• [Directions for this task]
Two lines in the data below mark the range: the one with "На huntergo.ru изначально" and the one with "Segenap Keluarga Besar". Return both, along with every line between them, exactly.

• [Study material]
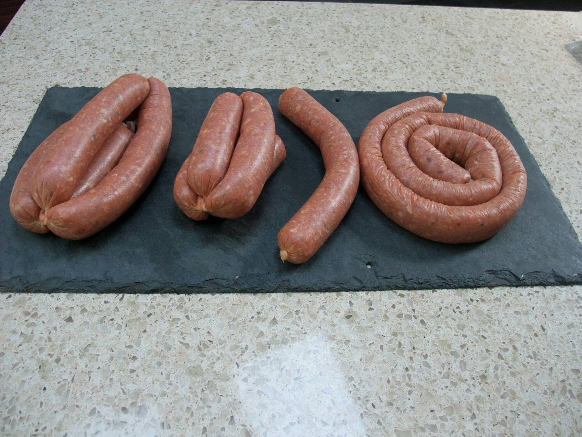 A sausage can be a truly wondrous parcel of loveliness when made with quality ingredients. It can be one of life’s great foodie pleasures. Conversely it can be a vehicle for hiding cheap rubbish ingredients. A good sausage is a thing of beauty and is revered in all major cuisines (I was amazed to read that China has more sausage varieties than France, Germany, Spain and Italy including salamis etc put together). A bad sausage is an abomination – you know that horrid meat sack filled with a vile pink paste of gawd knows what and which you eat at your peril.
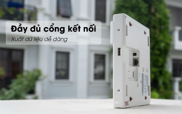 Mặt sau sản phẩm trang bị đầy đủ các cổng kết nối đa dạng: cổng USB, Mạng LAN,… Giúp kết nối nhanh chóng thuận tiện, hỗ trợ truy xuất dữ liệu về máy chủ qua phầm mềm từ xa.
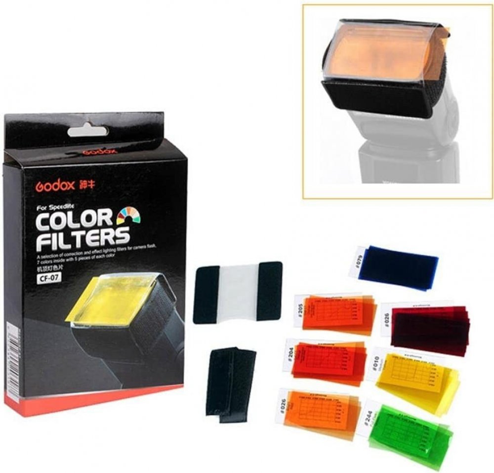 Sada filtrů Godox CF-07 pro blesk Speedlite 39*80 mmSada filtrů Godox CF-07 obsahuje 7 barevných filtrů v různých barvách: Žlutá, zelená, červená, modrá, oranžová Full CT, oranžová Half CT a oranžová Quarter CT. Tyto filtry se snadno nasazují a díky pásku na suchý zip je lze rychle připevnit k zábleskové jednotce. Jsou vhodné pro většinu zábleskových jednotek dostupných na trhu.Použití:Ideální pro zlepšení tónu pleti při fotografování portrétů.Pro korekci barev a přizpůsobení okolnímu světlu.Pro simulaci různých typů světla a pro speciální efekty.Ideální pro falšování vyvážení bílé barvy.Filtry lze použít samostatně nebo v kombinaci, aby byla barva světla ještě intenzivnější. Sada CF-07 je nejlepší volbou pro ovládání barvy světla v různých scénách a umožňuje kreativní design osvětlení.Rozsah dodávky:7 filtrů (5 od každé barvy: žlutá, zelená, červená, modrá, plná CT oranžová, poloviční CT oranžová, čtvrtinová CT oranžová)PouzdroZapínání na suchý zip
---
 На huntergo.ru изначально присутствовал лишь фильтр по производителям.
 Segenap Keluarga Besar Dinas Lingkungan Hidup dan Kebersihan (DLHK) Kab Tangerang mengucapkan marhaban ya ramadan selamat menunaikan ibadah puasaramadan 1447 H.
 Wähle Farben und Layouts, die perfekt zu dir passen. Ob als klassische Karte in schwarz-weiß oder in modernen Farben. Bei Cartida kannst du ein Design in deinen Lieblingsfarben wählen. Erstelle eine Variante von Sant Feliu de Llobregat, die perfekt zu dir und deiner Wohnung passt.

• [Solution for this exercise]
 На huntergo.ru изначально присутствовал лишь фильтр по производителям.
 Segenap Keluarga Besar Dinas Lingkungan Hidup dan Kebersihan (DLHK) Kab Tangerang mengucapkan marhaban ya ramadan selamat menunaikan ibadah puasaramadan 1447 H.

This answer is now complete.